What I need is an exact repeat of the lines from the one with "Las pegatinas presentan" through the end of the listing below. Leave out every picture.
########
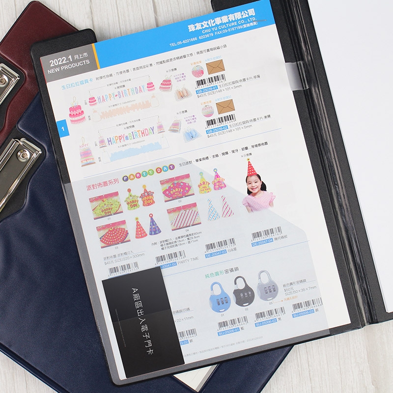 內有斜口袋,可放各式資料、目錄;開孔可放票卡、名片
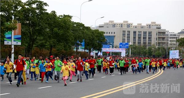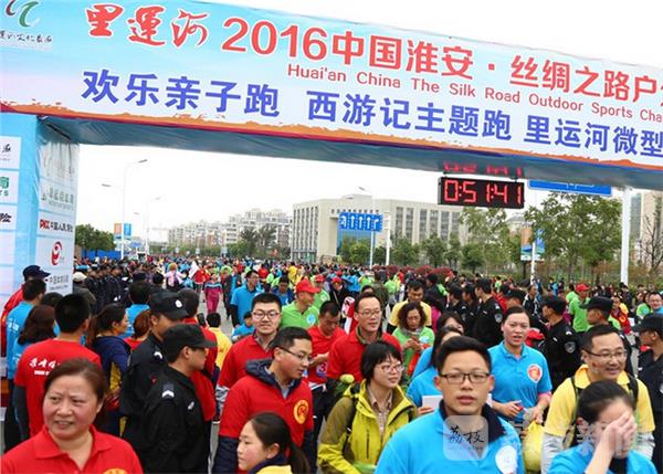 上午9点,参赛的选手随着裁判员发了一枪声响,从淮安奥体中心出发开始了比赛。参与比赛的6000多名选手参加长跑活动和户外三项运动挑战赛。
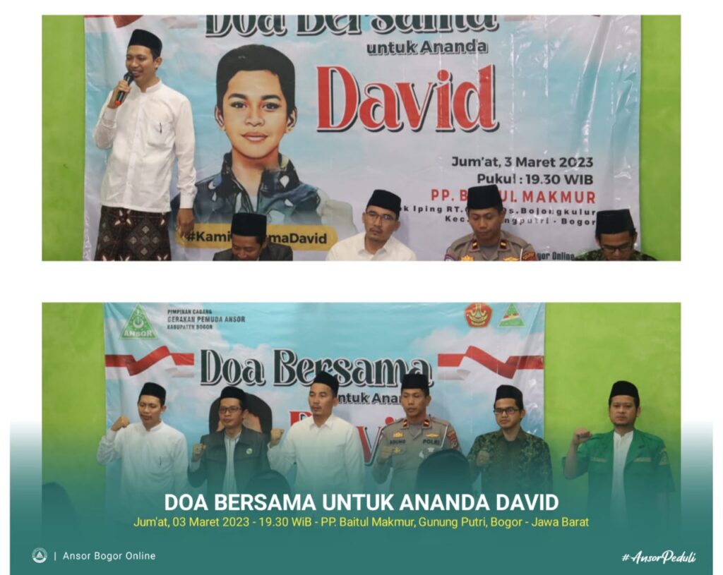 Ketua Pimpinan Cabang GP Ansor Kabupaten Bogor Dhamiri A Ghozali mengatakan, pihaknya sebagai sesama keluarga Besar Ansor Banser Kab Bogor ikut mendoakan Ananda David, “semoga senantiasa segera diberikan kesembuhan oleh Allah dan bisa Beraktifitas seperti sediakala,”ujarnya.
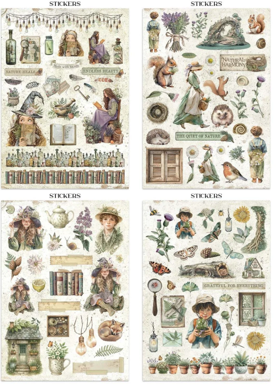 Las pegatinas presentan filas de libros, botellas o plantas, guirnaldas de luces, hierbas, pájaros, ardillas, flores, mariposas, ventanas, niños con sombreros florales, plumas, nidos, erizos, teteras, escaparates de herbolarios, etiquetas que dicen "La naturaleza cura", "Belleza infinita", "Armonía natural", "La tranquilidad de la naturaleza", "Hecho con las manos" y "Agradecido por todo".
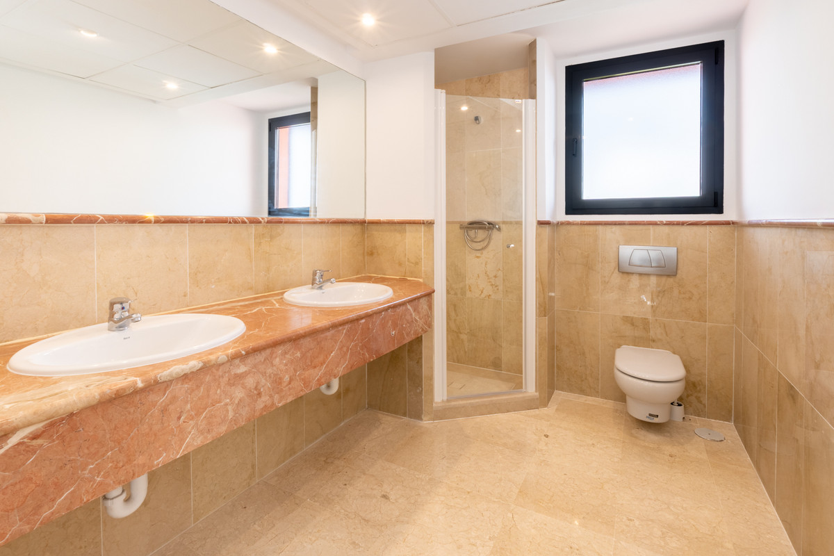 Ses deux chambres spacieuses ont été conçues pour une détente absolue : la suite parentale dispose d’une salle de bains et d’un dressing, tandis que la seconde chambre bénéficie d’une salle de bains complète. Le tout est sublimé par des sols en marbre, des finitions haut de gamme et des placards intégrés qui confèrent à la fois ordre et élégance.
########
## [Answer space]
 Las pegatinas presentan filas de libros, botellas o plantas, guirnaldas de luces, hierbas, pájaros, ardillas, flores, mariposas, ventanas, niños con sombreros florales, plumas, nidos, erizos, teteras, escaparates de herbolarios, etiquetas que dicen "La naturaleza cura", "Belleza infinita", "Armonía natural", "La tranquilidad de la naturaleza", "Hecho con las manos" y "Agradecido por todo".
 Ses deux chambres spacieuses ont été conçues pour une détente absolue : la suite parentale dispose d’une salle de bains et d’un dressing, tandis que la seconde chambre bénéficie d’une salle de bains complète. Le tout est sublimé par des sols en marbre, des finitions haut de gamme et des placards intégrés qui confèrent à la fois ordre et élégance.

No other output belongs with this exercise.